A woman in nun’s clothing and a young boy walk through long grass in open countryside
Cate Blanchett and Aswan Reid in ‘The New Boy’

Indigenous Australian director Warwick Thornton is known for two powerful dramas rooted in Aboriginal experience: the harshly street-smart Samson and Delilah and a superb Outback Western, Sweet Country. He returns with something odder and more delicate — The New Boy, a magical-realist fable about the encounter between two worlds.

Opening titles tell us about Australia’s former policy of “breeding out the black”, separating Indigenous children from their culture. The period is the 1940s, and one such child is brought forcibly to a secluded orphanage run by Sister Eileen (Cate Blanchett). With his wide, contemplative eyes and a seraphic crop of golden hair, he is only ever known as “New Boy”.

The kid (Aswan Reid) turns out to have a strange power: he is attended by a little floating ball of flame that emerges from his hand. Soon, New Boy’s magic is confronted with the magic that Sister Eileen wants him to accept — in the form of a wooden Christ newly arrived from Europe. How New Boy responds leaves the nun in a state of spiritual disarray, clinging desperately to her belief and the bottle.

The New Boy has a fairly direct message to impart about the imposition of one culture on another, but conveys it with a teasing, often comical obliqueness that makes for an idiosyncratic energy. At times, that energy turns to awkward whimsy. Newcomer Reid radiates gauche charm and enthusiasm in a near-silent role, while Blanchett’s performance is all the more affecting in that Eileen is characterised not as a conventional authoritarian but as a tender, would-be tough matriarch manifestly crumbling on the inside.
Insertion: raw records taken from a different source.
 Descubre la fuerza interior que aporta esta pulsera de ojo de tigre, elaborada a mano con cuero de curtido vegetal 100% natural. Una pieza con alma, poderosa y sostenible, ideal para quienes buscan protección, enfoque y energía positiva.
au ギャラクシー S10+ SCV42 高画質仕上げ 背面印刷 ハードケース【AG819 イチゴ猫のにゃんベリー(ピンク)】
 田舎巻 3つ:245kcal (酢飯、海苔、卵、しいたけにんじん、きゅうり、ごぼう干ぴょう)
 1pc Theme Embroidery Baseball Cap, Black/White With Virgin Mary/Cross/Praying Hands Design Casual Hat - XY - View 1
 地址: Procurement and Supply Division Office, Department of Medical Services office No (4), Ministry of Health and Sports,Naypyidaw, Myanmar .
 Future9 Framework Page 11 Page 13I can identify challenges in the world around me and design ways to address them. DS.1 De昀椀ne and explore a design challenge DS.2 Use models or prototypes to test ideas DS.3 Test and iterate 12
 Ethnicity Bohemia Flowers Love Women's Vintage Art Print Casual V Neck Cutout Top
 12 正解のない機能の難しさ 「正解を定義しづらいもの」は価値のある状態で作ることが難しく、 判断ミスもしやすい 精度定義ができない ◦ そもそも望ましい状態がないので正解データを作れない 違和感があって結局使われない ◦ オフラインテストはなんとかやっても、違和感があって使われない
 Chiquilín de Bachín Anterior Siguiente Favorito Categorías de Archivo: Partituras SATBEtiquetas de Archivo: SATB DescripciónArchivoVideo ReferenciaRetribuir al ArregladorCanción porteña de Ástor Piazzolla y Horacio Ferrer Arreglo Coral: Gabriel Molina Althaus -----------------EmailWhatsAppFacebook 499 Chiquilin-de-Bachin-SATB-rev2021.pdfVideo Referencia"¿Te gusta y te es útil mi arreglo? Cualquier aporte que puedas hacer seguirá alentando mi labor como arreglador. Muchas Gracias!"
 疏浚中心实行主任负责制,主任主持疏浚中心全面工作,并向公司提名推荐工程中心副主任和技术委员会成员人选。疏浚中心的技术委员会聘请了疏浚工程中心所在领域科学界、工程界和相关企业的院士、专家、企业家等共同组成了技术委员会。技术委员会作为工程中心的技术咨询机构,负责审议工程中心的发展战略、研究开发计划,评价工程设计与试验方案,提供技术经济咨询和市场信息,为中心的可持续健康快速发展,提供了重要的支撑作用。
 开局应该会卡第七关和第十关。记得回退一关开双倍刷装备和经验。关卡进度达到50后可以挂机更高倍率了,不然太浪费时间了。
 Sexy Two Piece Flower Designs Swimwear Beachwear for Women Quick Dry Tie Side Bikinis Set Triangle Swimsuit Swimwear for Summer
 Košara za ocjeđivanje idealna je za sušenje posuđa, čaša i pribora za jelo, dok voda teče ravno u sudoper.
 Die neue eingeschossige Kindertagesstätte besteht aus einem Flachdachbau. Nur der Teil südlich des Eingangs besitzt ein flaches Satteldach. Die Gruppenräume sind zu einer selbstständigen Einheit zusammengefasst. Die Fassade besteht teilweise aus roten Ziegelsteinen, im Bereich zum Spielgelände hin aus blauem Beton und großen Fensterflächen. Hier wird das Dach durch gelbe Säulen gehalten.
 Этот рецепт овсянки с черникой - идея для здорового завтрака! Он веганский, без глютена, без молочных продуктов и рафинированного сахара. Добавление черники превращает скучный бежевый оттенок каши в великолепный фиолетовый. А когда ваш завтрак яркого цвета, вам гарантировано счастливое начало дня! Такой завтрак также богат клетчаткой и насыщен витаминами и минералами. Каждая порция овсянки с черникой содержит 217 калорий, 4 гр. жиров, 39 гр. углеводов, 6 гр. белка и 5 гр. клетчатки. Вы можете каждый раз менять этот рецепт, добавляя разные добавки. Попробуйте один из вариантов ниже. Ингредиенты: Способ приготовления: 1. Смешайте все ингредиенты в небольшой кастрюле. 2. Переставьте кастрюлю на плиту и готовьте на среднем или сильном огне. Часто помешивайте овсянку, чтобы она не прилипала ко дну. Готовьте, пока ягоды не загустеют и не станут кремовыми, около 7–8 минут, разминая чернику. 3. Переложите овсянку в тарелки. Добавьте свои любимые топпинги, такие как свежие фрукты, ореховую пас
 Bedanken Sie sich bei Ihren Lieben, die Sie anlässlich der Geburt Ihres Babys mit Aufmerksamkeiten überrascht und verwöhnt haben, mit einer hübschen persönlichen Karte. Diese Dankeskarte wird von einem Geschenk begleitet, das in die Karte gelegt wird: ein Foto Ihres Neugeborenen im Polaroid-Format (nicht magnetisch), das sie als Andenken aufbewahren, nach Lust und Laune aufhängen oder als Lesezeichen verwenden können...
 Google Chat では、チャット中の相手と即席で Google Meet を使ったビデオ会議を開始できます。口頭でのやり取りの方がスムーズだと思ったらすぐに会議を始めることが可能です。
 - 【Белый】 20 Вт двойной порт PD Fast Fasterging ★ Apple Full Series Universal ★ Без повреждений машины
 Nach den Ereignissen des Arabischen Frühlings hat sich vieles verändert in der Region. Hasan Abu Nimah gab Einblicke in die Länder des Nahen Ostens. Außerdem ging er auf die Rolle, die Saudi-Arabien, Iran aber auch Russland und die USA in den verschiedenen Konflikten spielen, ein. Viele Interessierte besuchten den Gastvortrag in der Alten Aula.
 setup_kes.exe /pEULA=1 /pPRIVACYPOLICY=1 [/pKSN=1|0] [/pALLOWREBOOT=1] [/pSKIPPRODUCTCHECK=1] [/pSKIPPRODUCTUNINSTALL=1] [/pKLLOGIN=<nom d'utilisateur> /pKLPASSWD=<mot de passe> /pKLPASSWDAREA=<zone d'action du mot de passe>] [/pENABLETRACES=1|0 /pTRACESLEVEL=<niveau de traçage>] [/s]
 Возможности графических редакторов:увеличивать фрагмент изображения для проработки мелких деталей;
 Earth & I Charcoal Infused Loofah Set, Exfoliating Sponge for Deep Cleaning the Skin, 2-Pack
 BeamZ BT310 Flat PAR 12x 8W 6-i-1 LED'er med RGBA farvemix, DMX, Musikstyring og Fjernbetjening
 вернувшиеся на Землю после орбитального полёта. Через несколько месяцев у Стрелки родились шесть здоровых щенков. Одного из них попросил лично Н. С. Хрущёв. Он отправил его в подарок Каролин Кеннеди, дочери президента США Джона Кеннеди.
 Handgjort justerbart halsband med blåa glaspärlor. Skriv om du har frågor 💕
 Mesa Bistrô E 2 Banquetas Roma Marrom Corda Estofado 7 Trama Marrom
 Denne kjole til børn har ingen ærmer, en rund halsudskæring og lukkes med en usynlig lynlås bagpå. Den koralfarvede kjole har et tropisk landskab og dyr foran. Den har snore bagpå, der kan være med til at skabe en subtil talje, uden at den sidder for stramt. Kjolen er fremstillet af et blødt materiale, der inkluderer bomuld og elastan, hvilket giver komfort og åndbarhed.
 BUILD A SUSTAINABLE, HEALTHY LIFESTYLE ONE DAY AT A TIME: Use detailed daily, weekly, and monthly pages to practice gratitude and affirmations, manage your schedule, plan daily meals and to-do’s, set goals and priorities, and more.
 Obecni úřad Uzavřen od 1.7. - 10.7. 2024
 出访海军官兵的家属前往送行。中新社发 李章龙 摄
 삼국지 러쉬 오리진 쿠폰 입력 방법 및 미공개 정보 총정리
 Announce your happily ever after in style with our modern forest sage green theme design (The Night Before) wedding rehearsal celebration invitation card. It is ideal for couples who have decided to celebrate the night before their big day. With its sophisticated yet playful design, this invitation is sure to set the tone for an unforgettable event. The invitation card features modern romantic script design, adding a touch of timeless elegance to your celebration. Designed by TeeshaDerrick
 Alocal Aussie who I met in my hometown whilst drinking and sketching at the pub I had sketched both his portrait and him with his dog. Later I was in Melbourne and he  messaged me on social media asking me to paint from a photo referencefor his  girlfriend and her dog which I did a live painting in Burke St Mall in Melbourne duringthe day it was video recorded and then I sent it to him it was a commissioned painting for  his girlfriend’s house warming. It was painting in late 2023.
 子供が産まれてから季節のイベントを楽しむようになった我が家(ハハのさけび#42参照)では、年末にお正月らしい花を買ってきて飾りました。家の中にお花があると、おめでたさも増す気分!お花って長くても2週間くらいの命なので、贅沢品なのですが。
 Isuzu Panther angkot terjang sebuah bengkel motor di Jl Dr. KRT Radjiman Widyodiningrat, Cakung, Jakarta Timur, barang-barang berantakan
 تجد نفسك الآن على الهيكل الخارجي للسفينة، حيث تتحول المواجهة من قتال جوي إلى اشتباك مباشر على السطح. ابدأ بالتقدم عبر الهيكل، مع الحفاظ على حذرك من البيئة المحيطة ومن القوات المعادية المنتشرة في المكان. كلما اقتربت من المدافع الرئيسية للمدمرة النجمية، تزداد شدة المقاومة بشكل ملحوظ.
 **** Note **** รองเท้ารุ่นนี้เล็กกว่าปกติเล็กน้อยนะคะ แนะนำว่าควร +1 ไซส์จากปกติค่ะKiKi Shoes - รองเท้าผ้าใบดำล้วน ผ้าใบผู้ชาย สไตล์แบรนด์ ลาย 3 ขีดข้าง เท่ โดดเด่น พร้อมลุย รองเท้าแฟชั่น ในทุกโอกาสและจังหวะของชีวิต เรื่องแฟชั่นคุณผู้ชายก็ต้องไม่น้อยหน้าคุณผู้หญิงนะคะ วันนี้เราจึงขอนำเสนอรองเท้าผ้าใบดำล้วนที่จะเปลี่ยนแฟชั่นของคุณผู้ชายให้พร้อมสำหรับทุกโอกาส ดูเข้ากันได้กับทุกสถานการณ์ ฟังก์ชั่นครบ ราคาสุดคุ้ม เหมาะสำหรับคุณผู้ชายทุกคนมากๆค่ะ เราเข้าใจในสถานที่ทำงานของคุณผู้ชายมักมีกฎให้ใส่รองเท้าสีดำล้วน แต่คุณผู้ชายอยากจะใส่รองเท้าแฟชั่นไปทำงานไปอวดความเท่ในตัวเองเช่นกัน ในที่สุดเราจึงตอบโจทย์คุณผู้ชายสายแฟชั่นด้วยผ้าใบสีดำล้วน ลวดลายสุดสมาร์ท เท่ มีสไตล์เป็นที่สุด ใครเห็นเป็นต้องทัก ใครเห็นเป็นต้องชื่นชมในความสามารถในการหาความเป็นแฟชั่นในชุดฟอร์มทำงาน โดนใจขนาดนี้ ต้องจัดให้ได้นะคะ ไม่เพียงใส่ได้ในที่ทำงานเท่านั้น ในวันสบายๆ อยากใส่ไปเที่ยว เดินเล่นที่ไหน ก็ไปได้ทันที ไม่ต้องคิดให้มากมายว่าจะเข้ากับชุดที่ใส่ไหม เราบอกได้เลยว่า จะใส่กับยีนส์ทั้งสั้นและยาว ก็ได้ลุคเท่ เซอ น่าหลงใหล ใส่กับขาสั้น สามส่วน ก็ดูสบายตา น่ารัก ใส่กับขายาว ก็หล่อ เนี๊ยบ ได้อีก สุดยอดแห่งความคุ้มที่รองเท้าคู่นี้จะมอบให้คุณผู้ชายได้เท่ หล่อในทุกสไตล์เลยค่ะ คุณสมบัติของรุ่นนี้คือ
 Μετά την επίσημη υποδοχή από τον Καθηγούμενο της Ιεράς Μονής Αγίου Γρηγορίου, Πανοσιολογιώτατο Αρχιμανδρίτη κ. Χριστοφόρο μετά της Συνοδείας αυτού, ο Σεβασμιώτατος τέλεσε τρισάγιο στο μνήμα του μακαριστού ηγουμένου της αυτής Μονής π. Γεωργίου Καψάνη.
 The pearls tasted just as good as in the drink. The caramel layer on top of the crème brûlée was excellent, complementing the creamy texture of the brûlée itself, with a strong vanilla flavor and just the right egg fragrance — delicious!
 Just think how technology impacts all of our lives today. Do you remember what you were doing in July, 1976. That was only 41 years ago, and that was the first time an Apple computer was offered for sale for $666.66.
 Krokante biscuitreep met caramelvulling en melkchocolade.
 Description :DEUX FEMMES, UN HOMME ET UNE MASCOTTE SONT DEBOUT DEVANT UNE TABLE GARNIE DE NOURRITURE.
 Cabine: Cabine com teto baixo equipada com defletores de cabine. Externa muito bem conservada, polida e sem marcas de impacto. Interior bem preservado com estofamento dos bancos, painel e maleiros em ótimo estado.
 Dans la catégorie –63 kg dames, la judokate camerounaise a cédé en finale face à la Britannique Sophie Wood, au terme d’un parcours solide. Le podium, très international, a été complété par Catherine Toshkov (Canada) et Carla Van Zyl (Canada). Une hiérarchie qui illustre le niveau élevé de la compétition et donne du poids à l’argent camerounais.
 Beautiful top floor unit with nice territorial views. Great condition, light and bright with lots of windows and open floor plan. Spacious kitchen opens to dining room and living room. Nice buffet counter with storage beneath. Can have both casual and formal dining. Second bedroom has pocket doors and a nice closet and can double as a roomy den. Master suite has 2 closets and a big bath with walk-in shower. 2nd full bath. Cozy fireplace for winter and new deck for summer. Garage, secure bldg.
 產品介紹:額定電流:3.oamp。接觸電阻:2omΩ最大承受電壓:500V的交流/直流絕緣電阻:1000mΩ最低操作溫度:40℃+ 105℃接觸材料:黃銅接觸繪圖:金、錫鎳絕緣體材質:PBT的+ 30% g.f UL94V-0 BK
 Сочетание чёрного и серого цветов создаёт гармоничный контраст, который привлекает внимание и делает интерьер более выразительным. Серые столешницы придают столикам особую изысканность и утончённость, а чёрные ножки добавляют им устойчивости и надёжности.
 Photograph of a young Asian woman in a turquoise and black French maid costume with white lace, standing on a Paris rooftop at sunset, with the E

A young boy sits on a bed in a  dormitory with light seeping through shuttered windows; next to him a figure lies on a bed, wrapped in blankets
Aswan Reid in a near-silent role in ‘The New Boy’

Acting as his own director of photography, Thornton shoots the film magnificently — setting the enclosure of the orphanage’s dark-walled enclave against the vast, exposed terrain outside. This is an alluring, suggestive fable, but it never quite finds the artistic clarity to stand with Thornton’s best.